Your task: Beginning with the line that holds "股绳刺激 玩足TK 口水直流" in the data below, give again every line through the one that holds "2023年2月14日下午,中", exactly as written.

Supplied records:

>>>

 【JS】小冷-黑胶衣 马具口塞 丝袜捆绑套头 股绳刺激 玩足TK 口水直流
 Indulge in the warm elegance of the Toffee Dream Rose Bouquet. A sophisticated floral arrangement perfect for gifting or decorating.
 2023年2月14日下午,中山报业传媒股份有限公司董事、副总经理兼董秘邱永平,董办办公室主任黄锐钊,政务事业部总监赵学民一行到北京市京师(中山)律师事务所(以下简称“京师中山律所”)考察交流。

<<<
>>>

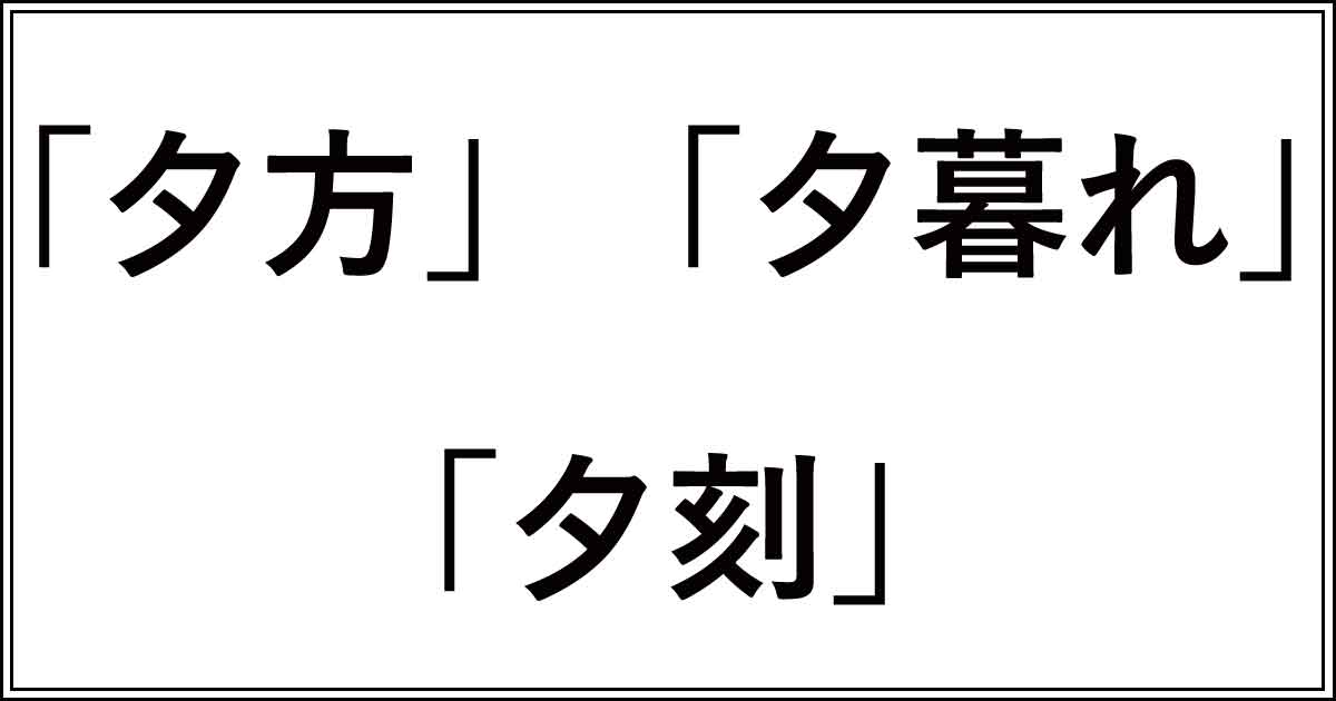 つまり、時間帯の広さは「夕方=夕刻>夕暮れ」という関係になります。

<<<

Exercise result:
 【JS】小冷-黑胶衣 马具口塞 丝袜捆绑套头 股绳刺激 玩足TK 口水直流
 Indulge in the warm elegance of the Toffee Dream Rose Bouquet. A sophisticated floral arrangement perfect for gifting or decorating.
 2023年2月14日下午,中山报业传媒股份有限公司董事、副总经理兼董秘邱永平,董办办公室主任黄锐钊,政务事业部总监赵学民一行到北京市京师(中山)律师事务所(以下简称“京师中山律所”)考察交流。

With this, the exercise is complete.